• Data:
>>>

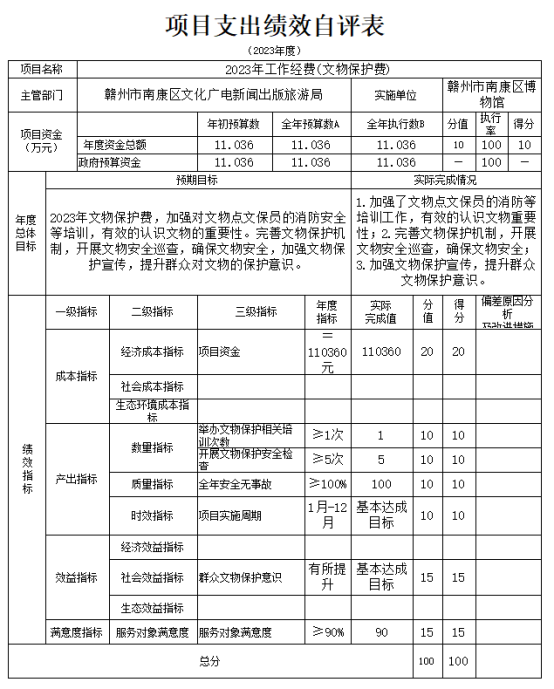 4.本单位“2023年工作经费(文物保护费)项目支出绩效自评表”如下:
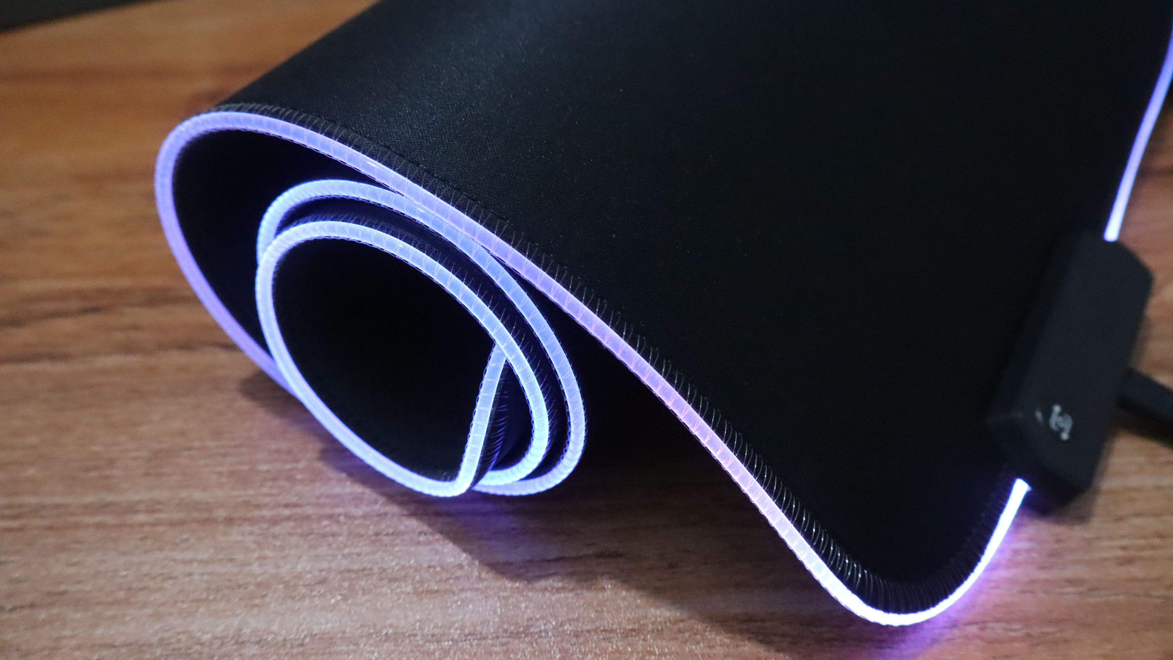 按一下左上角的按键,你就得到了一块镶着光条的鼠标垫,再按多几下,这个光条还能变换不同的颜色,光条的灯效有10种,可以根据自己的喜好进行选择。
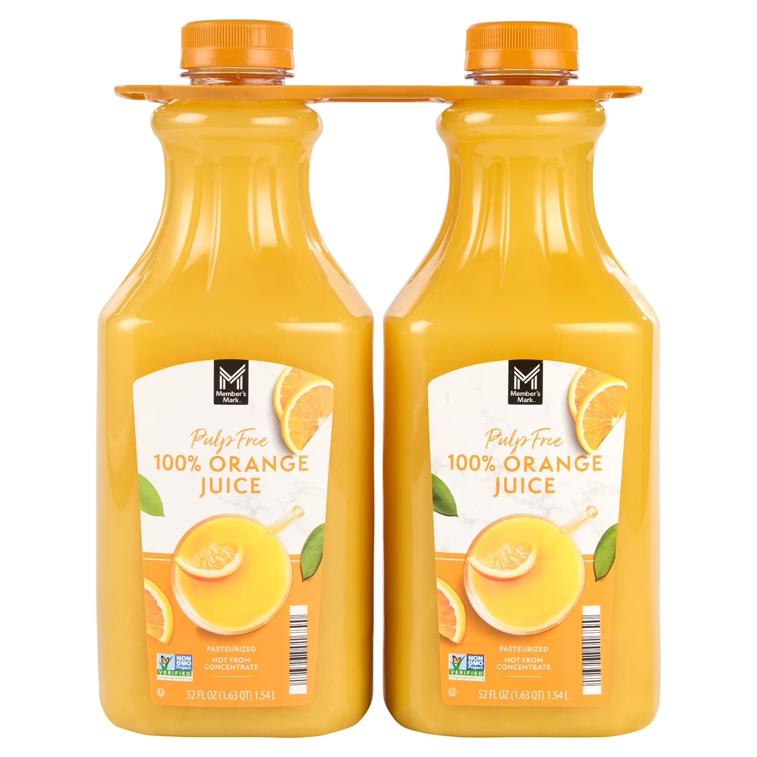 Member’s Mark 100% Orange Juice, Pulp-Free (2 × 52 fl oz) – $7.68
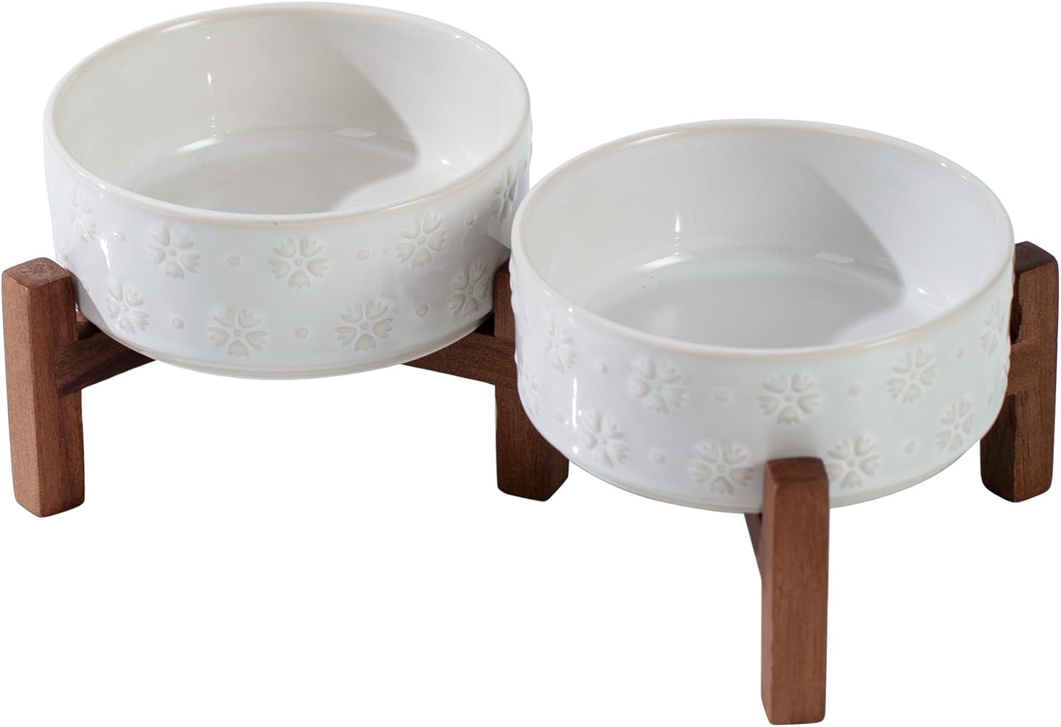 - Acacia Wood Stand: Adopting with classy acacia wood stand, this aesthetically pleasing ceramic dog bowls with stand fits perfectly with any home decor style. By flipping the stand over , you can get 2 different heights to hold the pet bowl. Let‘s elevated bowl company with your pet in different growth stages.
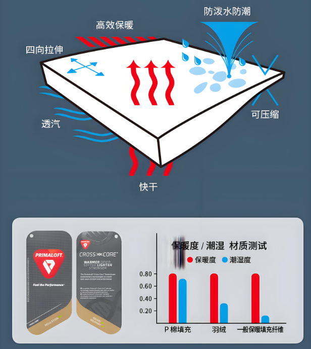 Primaloft 最初是為美國陸軍研發(fā),旨在模擬羽絨的保暖性,同時克服羽絨潮濕后保暖性驟降的缺點。它的核心優(yōu)勢包括:
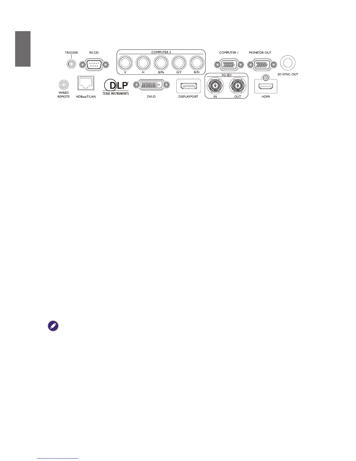 Standard 9-pin D-sub interface for connection to PC control system and projector maintenance.
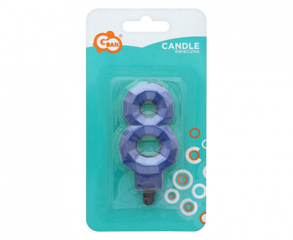 Świeczka cyferka 8 - Diament, metalik ciemnoniebieski, 7.6 cm
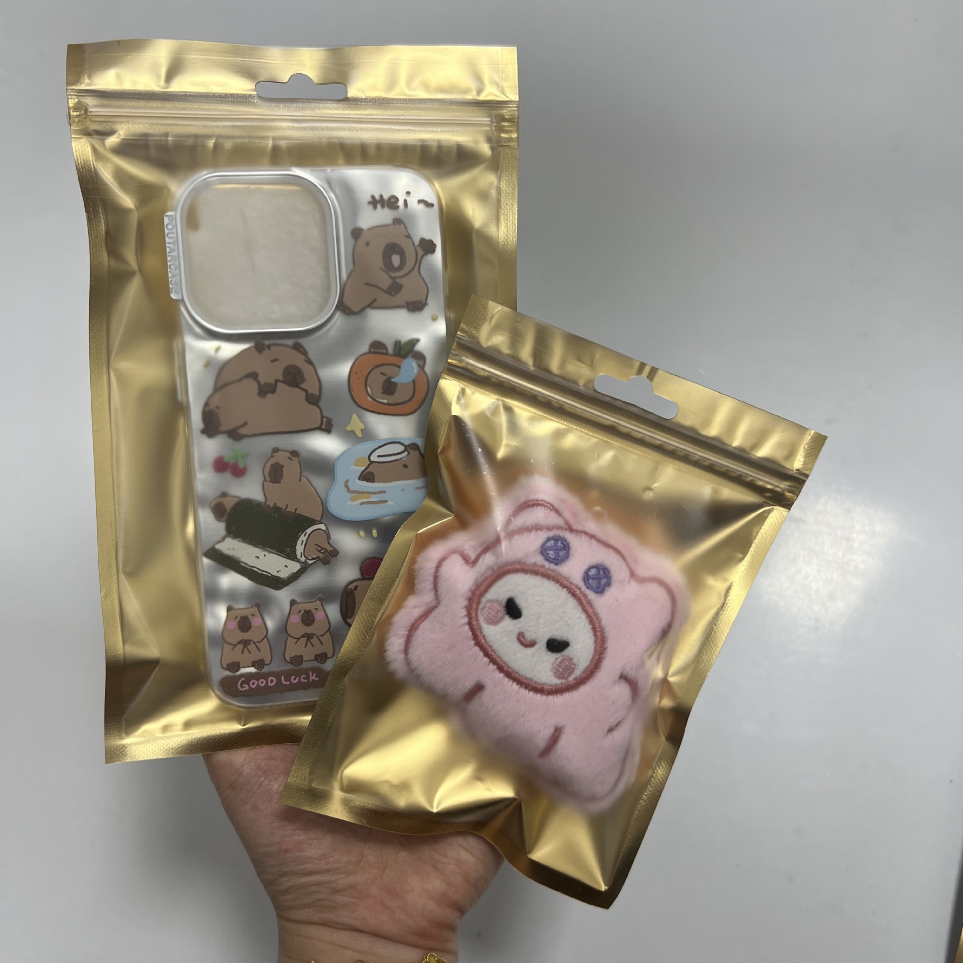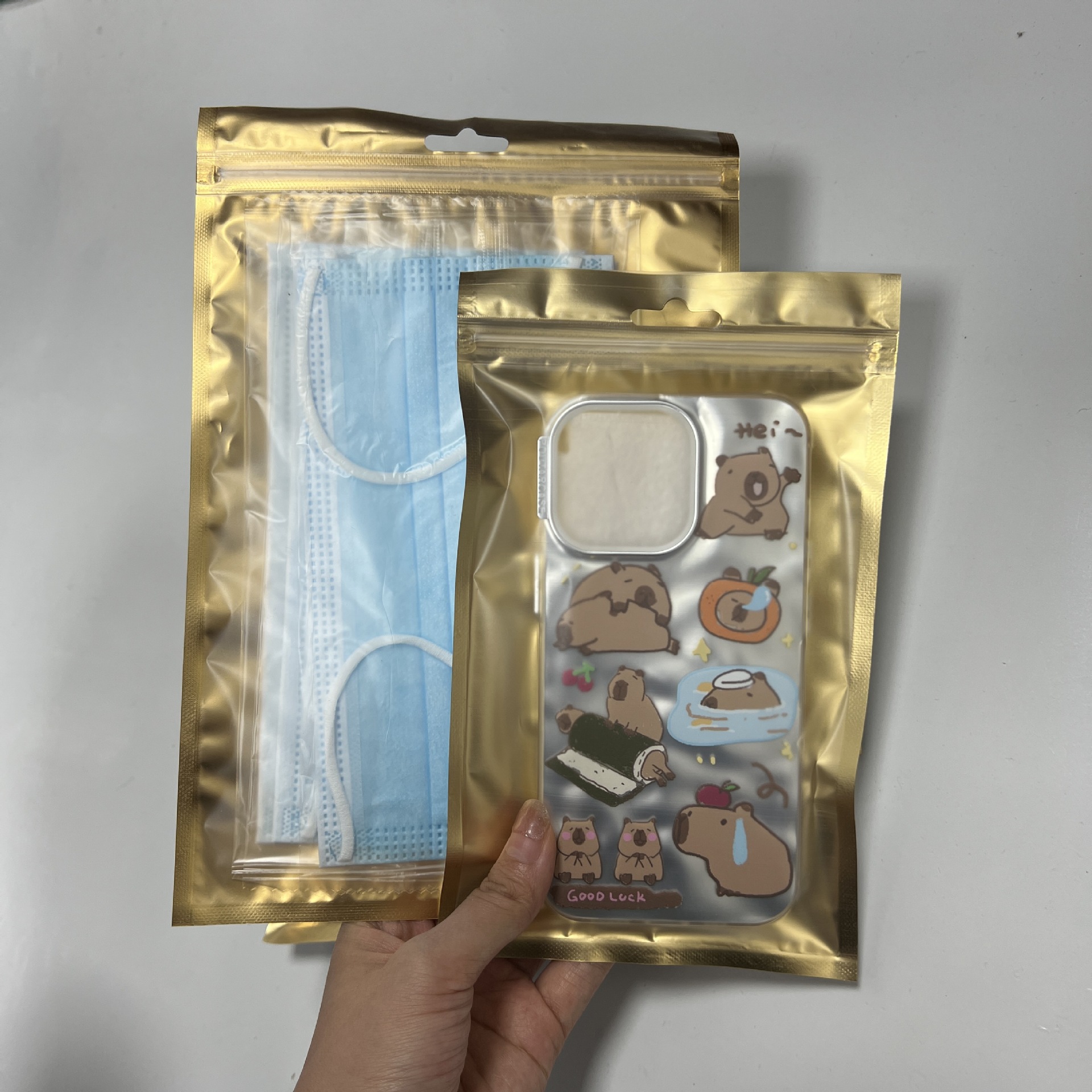 "재고" 황금 젖빛 매트 골드 자체 밀봉 가방 일상 용품 장식 하드웨어 휴대 전화 쉘 포장 가방
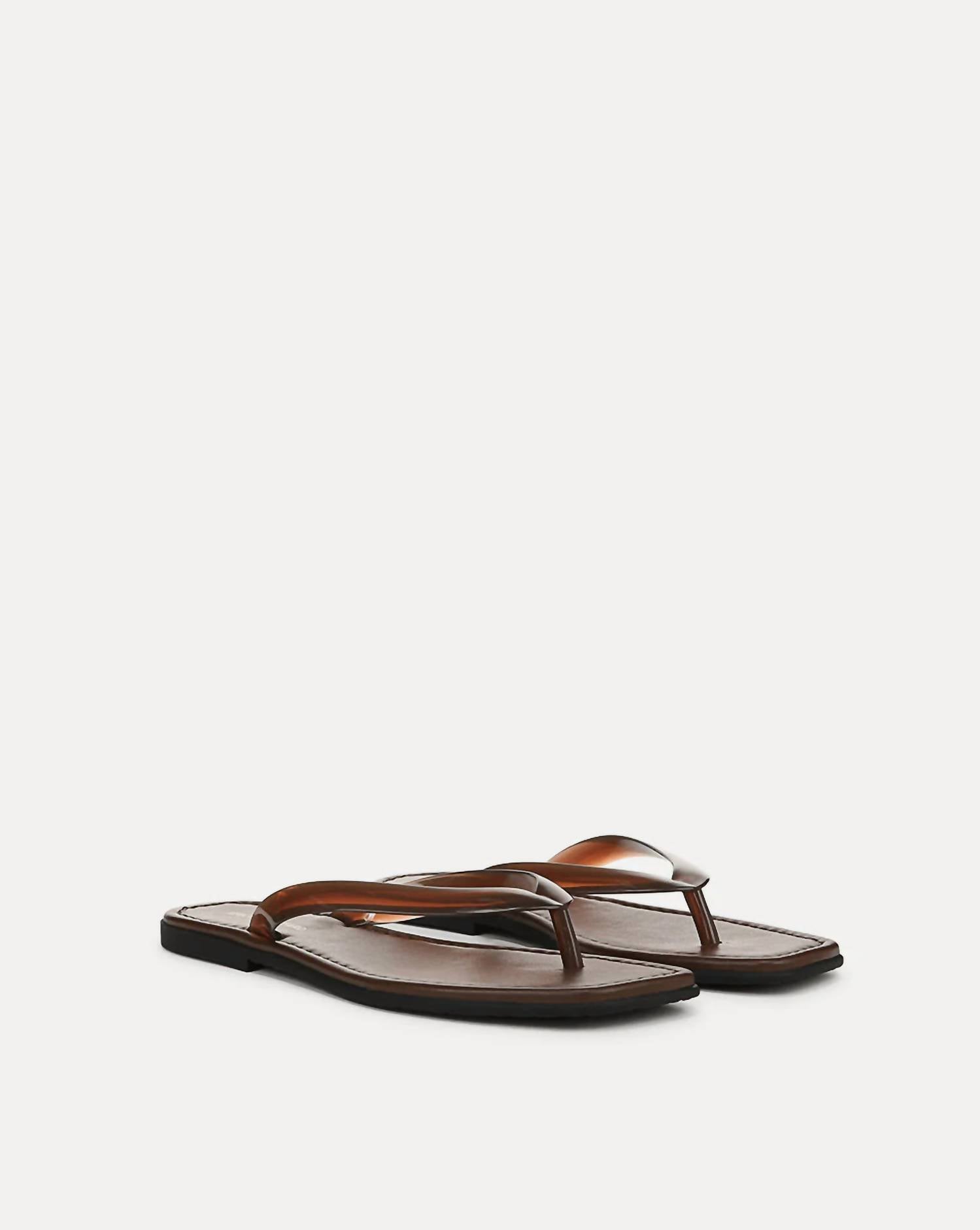 This sandal will take you from brunch to dinner and everything in between. Meet the Women's Clea Flip Flop Sandal by Veronica Beard, an elegant twist on the classic flip-flop in a chic Hazelwood shade. Designed with a luxurious leather footbed and trendy jelly straps, these open-toe sandals are perfect for your summer adventures from the beach to the boardwalk. Material: Polyurethane, Lining: Leather. Care: Store in a cool, dry place inside a dust bag and clean under specialist supervision. Ideal for women seeking comfort and style with a flat heel design.

<<<

• Task instructions: Please print exactly the lines from the one holding "Standard 9-pin D-sub" through the final line of the data above, including both, and skip all pictures.

• Your response:
 Standard 9-pin D-sub interface for connection to PC control system and projector maintenance.
 Świeczka cyferka 8 - Diament, metalik ciemnoniebieski, 7.6 cm
 "재고" 황금 젖빛 매트 골드 자체 밀봉 가방 일상 용품 장식 하드웨어 휴대 전화 쉘 포장 가방
 This sandal will take you from brunch to dinner and everything in between. Meet the Women's Clea Flip Flop Sandal by Veronica Beard, an elegant twist on the classic flip-flop in a chic Hazelwood shade. Designed with a luxurious leather footbed and trendy jelly straps, these open-toe sandals are perfect for your summer adventures from the beach to the boardwalk. Material: Polyurethane, Lining: Leather. Care: Store in a cool, dry place inside a dust bag and clean under specialist supervision. Ideal for women seeking comfort and style with a flat heel design.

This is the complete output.